The issue being examined during the investigation was whether the grievor was insubordinate in failing to respond to a directive to attend at a meeting with her supervisor. Unfortunately, during the course of the investigation Mr. Blanchard elicited evidence and comments from the grievor, and from himself, going to virtually all aspects of the operation of the Telephone Sales Office. Allegations are made of union busting, harassment and abuse of authority and power. Mr. Blanchard makes a number of statements bordering on actionable defamation. Among them: "Ms. Jean is nothing more than a mini-tyrant in a high tech sweat shop; ...". In reference to Ms. Cowan, Mr. Blanchard states that she "... has deliberately falsified a document leading to a person's investigation." Shortly afterwards Mr. Blanchard refers to a part of a statement recorded by Ms. Cowan in the following terms: "... that entire sentence is cow manure."

This Office well appreciates that Union representatives are to be given some scope in their choice of words in representing employees.
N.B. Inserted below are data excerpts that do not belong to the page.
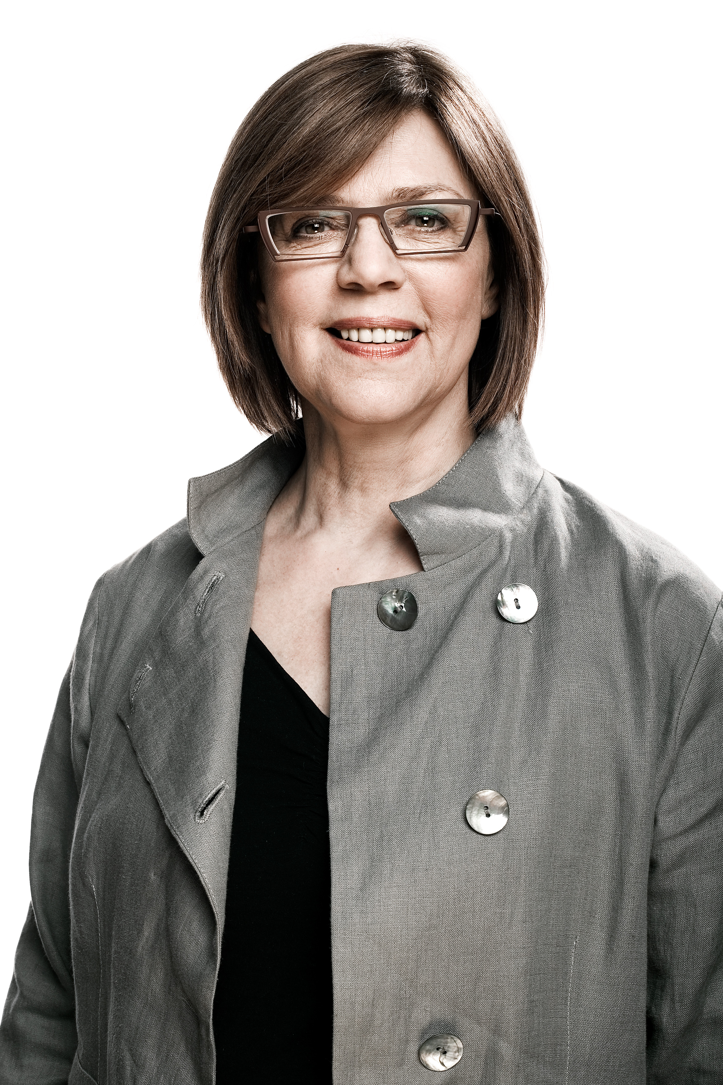 Álfheiður Ingadóttir, MP of the Icleandic Left-Green movement
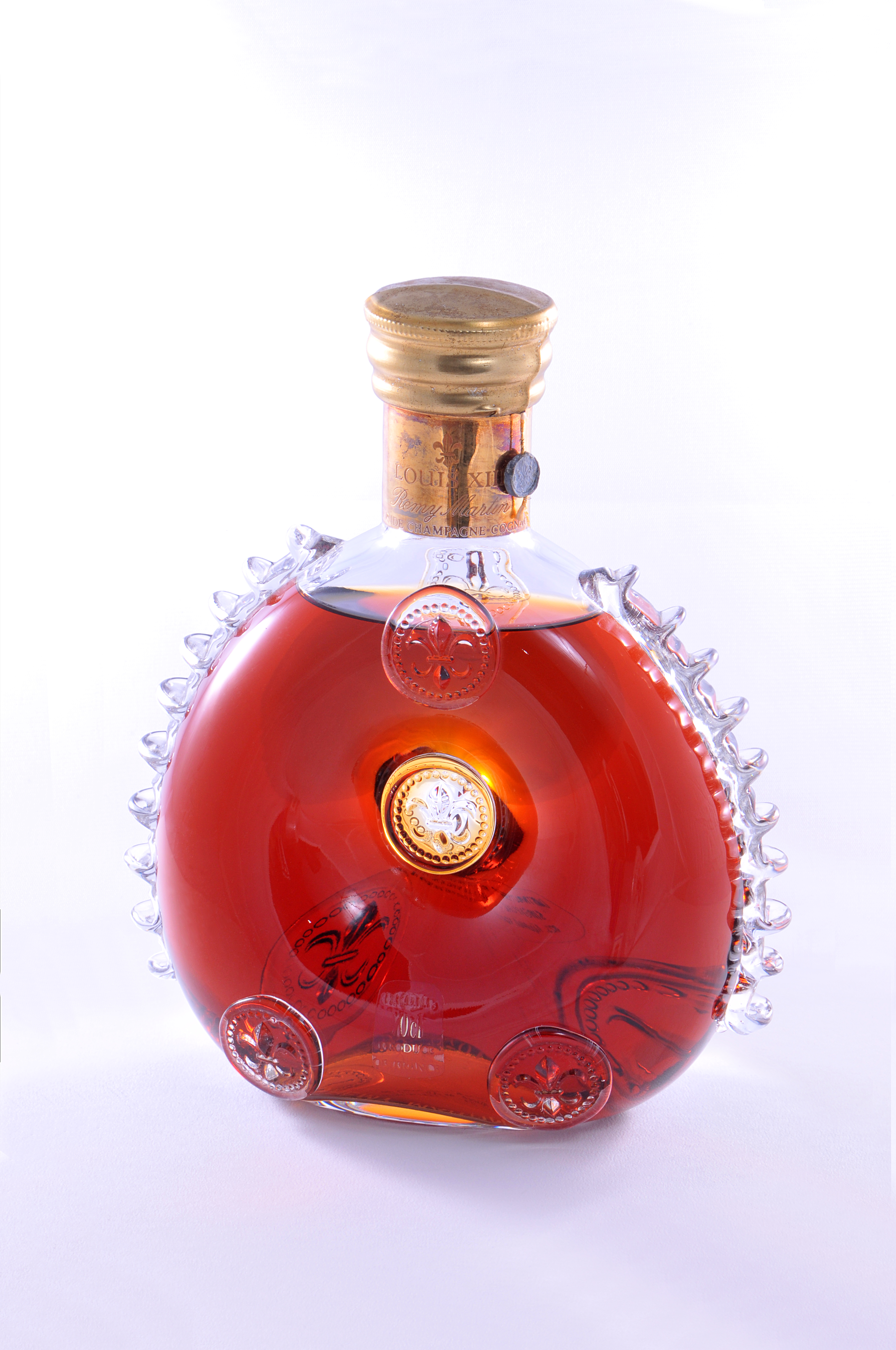 Louis XIII de Rémy Martin Grande Champagne Cognac 70cl 1982 Camera: Nikon D300 F16, 1/125", ISO200 License on Flickr (2010-12-28): CC-BY-2.0 Flickr tags: D300, 105micro
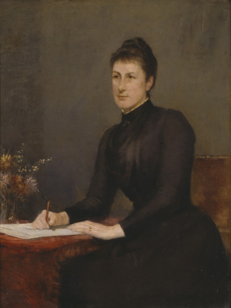 Madame Couvreur - 'Tasma' Jessie Catherine Couvreur — shown three-quarter-length, to right, seated holding pen and paper.
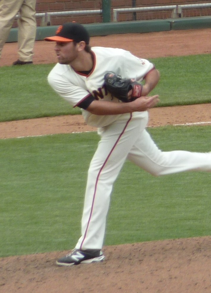 Brett Bochy pitching for the San Francisco Giants at AT&T Park in 2014
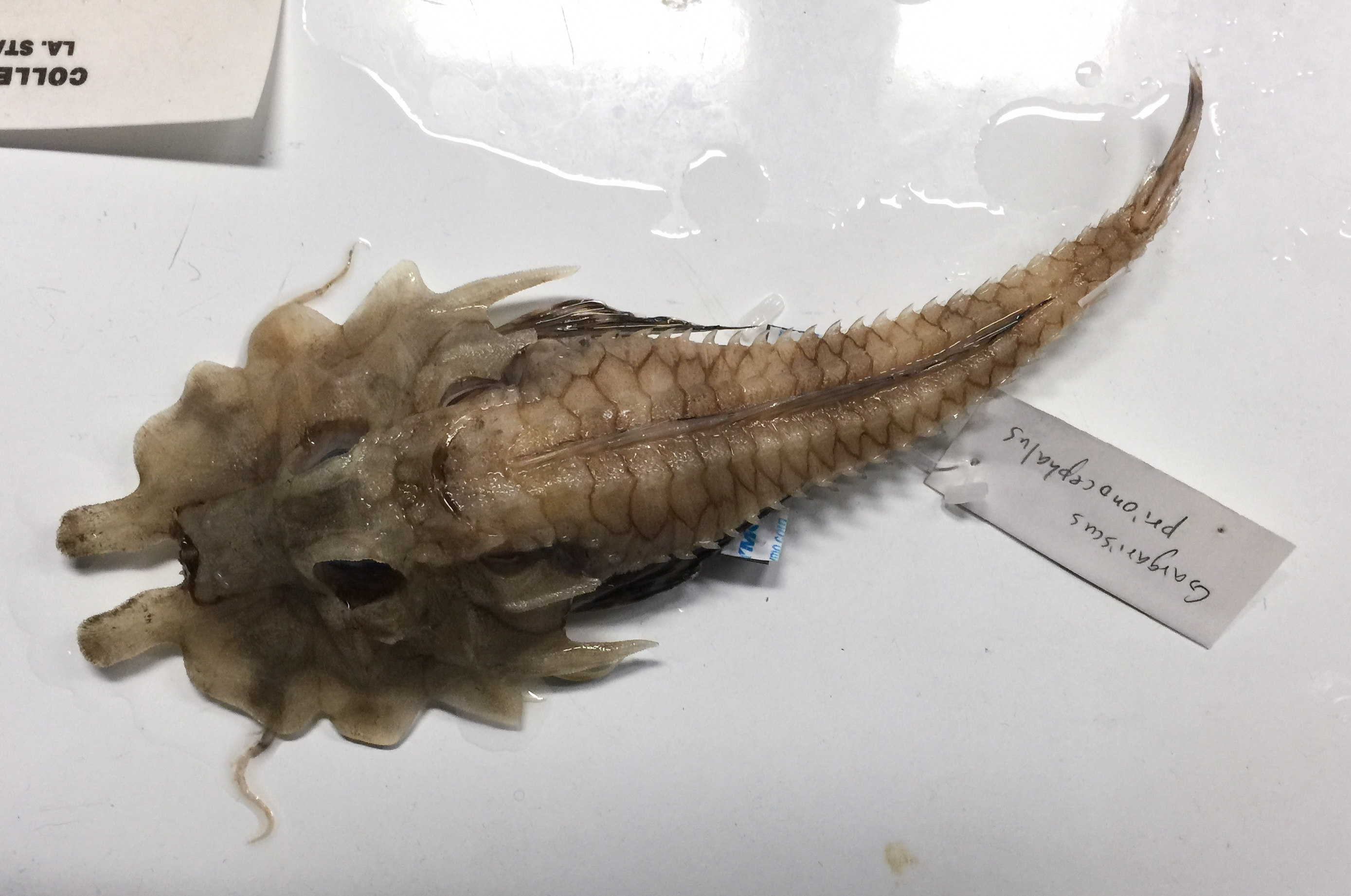 Gargariscus prionocephalus (Louisiana State University, Museum of Natural Science)
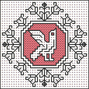 Digital simulation of a typical Assisi embroidery motif
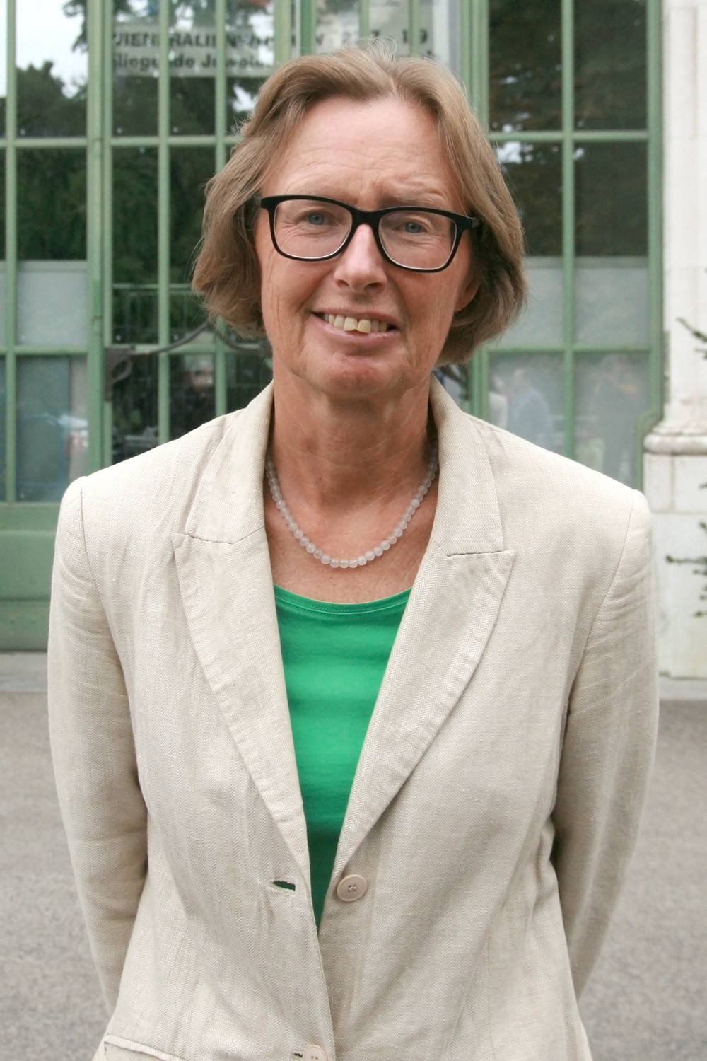 Gabriela Moser at the kick-off event of the The Greens – The Green Alternative for the campaign for the Austrian legislative election 2013 at Palmenhauses/Burggarten in Vienna, Austria.

There is a point, however, beyond which inflammatory statements do little to advance the fact finding process and clearly do not advance the interests of the employee whose very employment may be at stake. As this Office said in CROA 3157:

... As prior awards of this Office have confirmed, the disciplinary investigation process is an intrinsic part of the expedited system of arbitration utilized within the railway industry in Canada. Its integrity must be respected if the arbitration system of this Office is to itself be reasonably efficient and able to rely on information gathered within that process. An examination of the record causes the Arbitrator to conclude that the grievor and his representative were openly contemptuous of the investigation process. They were unresponsive to a degree which gave the investigating officer a reasonable basis to conclude that any further attempt at questioning the grievor would only meet still more frustration.

Regardless of the ill-advised statements of her representative, the grievor remains entitled to an assessment of the discipline against her on its merits. Ms. Werhun is an employee of some twenty-nine years' service who had a clear disciplinary record at the time of the incident in question. In mitigation, she does not have a history of insubordination. She was clearly wrong in refusing to attend the meeting with Ms. Cowan, and was therefore deserving of some measure of discipline. In aggravation, there is no recognition of any error on her part in the statement she gave at the investigation. Nor was any made by her at the arbitration hearing. In all of the circumstances, particularly given that this appears to be a first offence of this type, the Arbitrator is satisfied that the assessment of fifteen demerits would have been appropriate to convey to the grievor the need to respond to a clear directive to attend at a meeting with her supervisor.

The grievance is therefore allowed, in part. The Arbitrator directs that the grievor's record be amended to reflect fifteen demerits for insubordination by refusing to attend the meeting with Ms. Cowan, as directed, on November 6, 2000.